Sedlnitzky, Leopold Graf Choltitz von Odrownocz

Herkunft: Sudeten (Böhmen u. Mähren, österr. Schlesien)
Beruf: Fürstbischof von Breslau
* 29. Juli 1787 in Geppersdorf/Österr.-Schlesien
† 25. März 1871 in Berlin

Sedlnitzky entstammte einer angesehenen mährisch-schlesischen Adelsfamilie. Kindheit und Jugend verbrachte er auf dem väterlichen Stammschloß, unterrichtet von Hauslehrern, die ihn im Geiste der katholischen Aufklärung erzogen. Da der Knabe für die geistliche Laufbahn bestimmt worden war, erhielt er schon früh verschiedene Präbenden, zum Beispiel 1802 ein Kanonikat an der Kollegiatkirche zu Neisse. Im Oktober 1804 immatrikulierte sich Sedlnitzky an der Universität Breslau zum Studium der Philosophie und Theologie. Sein besonderes Interesse galt der Auslegung der Bibel. Gerne hörte er die Vorlesungen des von der katholischen zur evangelischen Kirche übergetretenen Professors Adalbert Kayßler, der, ähnlich wie Blaise Pascal und Johann Michael Sailer, eine Einigung der Konfessionen auf der Grundlage biblischer Werte für möglich hielt. Nachdem er 1809 die theologischen Examina abgelegt hatte, empfing Sedlnitzky am 8. Juni 1811 in der Kreuzkirche zu Breslau die Priesterweihe durch Fürstbischof Hohenlohe-Waldenburg-Bartenstein und trat als Assessor und Sekretär in das Bischöfliche Vikariatsamt ein. Seine Mitgliedschaft in der 1805 von Johann Michael Sailer gegründeten Bibelgesellschaft, die sich unter anderem die Verbreitung einer deutschen Übersetzung des Neuen Testaments unter allen Christen zum Ziel gesetzt hatte, trug Sedlnitzky allerdings schon bald Anfeindungen seiner Kollegen und den Argwohn der höheren Geistlichkeit ein, die ihm unterstellten, er habe sich von der katholischen Lehre entfernt.
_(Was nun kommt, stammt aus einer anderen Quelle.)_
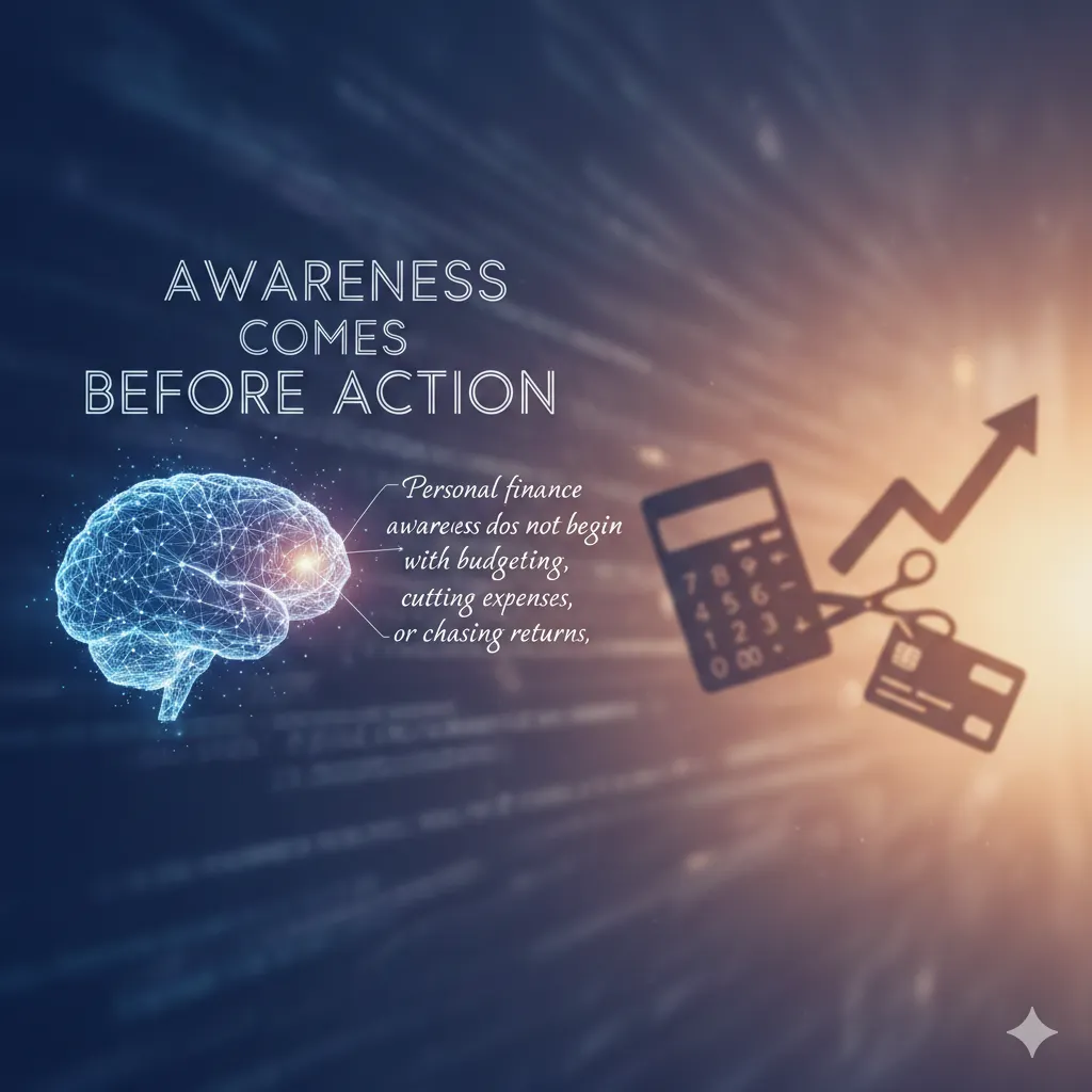 Personal finance awareness does not begin with budgeting, cutting expenses, or chasing returns.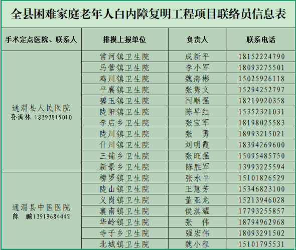 为全面贯彻落实甘肃省2025年10件为民实事项目,确保全县困难家庭老年人白内障患者得到及时帮扶救助,根据定西市卫生健康委员会《关于印发万名困难家庭老年人白内障复明工程实施方案的通知》要求,确定县人民医院和县中医医院为困难家庭老年人白内障患者筛查及手术定点医院,现将开展“困难家庭老年人白内障复明工程”筛查及手术实施具体安排如下:全县范围内符合手术条件的困难家庭老年人白内障患者(原则上矫正远视力低于0.3)。1.最低生活保障对象;2.特困人员;3.防止返贫监测对象;4.最低生活保障边缘家庭成员等。1.筛查时间:2025年3月10日—2025年5月30日(上午8:00-12:00、14:30-17:30,双休及节假日除外)。2.筛查地点:县人民医院门诊楼2楼眼科、县中医医院门诊楼4楼眼科。主要包括视功能检查、眼压测量、眼底检查、手术意愿及健康状况等。全县范围内所有符合条件的白内障患者均可参加筛查。所有筛查对象需携带本人身份证或户口本、社保卡(医保卡)到辖区乡镇卫生院开具介绍信(县人民医院筛查乡镇包括马营、鸡川、常河、平襄、陇川、碧玉、什川、陇阳、李店、新景、三铺;县中医医院筛查乡镇包括榜罗、陇山、义岗、北城、华岭、襄南、寺子)自行前往县人民医院门诊楼2楼眼科、县中医医院门诊楼4楼眼科进行筛查。1.经过专业医生初步筛查,确定是否需要进行手术。符合手术条件的患者,由县人民医院和县中医医院安排具体手术时间,实施白内障复明手术。2.符合手术条件的患者携带身份证和社保卡,按照安排时间前往县人民医院和县中医医院进行手术治疗。省级安排资金,按每人不超过1000元标准为实施复明手术的困难家庭老年人白内障患者予以补助,资金补助到定点医院,主要用于手术患者经医保报销后需个人自付部分的住院费用。

Dieser Vorwurf traf damals noch nicht zu, auch wenn die nach dem Wiener Kongreß einsetzende Restauration Sedlnitzkys Vorstellung von der Zukunft des Christentums zuwiderlief. Da ihm aber angesichts der fortwährenden Verdächtigungen eine weitere Tätigkeit in der kirchlichen Administration unmöglich schien, nahm er einen Ruf des Oberpräsidenten von Schlesien, Theodor von Merckel, an und wechselte als Konsistorialrat in das Provinzialkonsistorium beim Oberpräsidium in Breslau.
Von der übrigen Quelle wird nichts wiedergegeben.